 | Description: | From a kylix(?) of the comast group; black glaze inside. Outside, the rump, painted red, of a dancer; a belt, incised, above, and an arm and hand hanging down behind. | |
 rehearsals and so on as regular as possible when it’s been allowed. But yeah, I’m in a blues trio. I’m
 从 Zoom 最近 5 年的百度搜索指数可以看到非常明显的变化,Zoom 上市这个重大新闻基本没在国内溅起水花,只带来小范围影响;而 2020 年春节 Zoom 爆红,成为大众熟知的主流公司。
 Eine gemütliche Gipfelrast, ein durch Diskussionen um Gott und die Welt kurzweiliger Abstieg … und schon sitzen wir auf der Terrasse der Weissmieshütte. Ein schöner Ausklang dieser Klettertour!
==
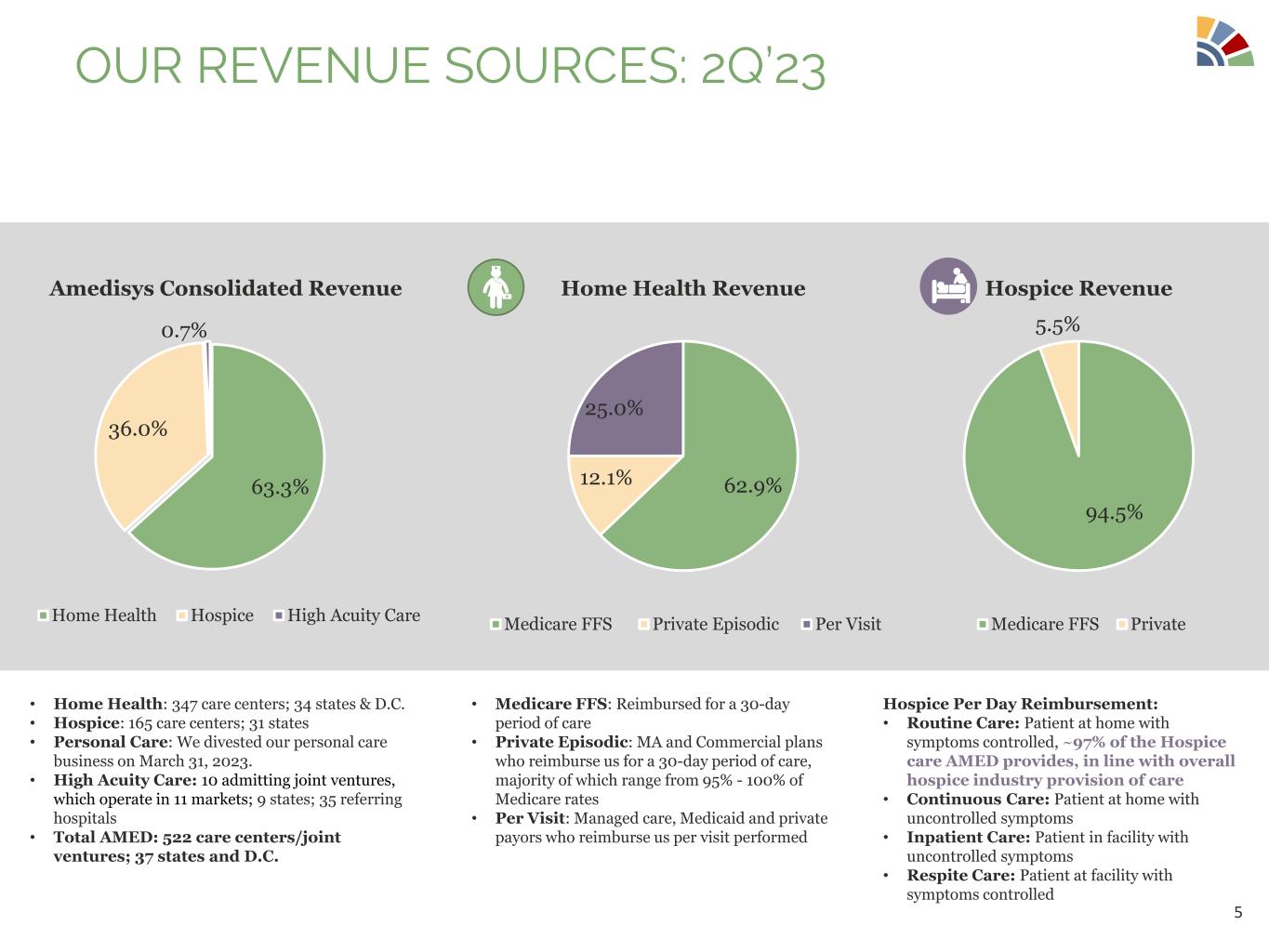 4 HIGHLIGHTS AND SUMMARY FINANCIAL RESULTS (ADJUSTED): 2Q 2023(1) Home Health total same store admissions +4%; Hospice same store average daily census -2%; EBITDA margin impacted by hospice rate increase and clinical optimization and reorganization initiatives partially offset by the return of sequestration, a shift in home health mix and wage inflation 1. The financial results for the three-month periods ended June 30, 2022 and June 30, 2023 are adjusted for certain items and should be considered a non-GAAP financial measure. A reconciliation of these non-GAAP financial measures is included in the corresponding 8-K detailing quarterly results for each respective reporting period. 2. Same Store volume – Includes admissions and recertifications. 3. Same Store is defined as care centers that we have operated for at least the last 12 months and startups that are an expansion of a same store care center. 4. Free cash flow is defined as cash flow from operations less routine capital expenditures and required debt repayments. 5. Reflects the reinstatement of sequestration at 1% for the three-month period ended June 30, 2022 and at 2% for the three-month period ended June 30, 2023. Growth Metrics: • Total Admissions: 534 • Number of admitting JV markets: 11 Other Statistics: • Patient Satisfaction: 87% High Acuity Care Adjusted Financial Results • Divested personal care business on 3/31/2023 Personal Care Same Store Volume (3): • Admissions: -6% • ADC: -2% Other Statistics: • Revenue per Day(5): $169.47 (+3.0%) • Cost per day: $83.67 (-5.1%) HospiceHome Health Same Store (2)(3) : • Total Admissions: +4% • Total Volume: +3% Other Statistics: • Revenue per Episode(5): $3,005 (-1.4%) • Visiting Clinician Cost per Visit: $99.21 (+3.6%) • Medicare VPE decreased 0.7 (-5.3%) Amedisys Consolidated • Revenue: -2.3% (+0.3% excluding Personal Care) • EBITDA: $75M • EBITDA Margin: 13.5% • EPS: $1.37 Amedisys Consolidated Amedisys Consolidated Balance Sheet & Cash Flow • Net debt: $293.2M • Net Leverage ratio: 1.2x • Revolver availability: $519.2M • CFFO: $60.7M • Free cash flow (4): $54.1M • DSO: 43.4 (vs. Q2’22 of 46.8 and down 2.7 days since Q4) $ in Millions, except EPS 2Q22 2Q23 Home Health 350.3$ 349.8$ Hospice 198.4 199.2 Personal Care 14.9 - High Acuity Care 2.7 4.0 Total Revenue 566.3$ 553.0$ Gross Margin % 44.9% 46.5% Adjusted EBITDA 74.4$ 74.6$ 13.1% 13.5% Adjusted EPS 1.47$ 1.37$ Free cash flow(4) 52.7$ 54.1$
---
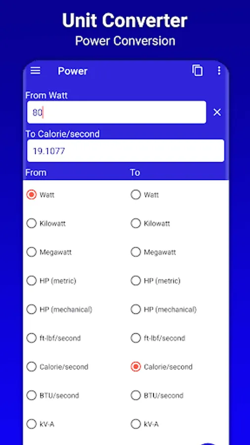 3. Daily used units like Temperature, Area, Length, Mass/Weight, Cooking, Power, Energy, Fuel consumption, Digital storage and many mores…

▶ _PROMPT_: Above are the records; print exactly the lines from the line with "behind. | |" to the line with "Eine gemütliche Gipfelrast, ein", including both, and nothing else.

▶ _RESPONSE FOR THIS EXERCISE_:
 | Description: | From a kylix(?) of the comast group; black glaze inside. Outside, the rump, painted red, of a dancer; a belt, incised, above, and an arm and hand hanging down behind. | |
 rehearsals and so on as regular as possible when it’s been allowed. But yeah, I’m in a blues trio. I’m
 从 Zoom 最近 5 年的百度搜索指数可以看到非常明显的变化,Zoom 上市这个重大新闻基本没在国内溅起水花,只带来小范围影响;而 2020 年春节 Zoom 爆红,成为大众熟知的主流公司。
 Eine gemütliche Gipfelrast, ein durch Diskussionen um Gott und die Welt kurzweiliger Abstieg … und schon sitzen wir auf der Terrasse der Weissmieshütte. Ein schöner Ausklang dieser Klettertour!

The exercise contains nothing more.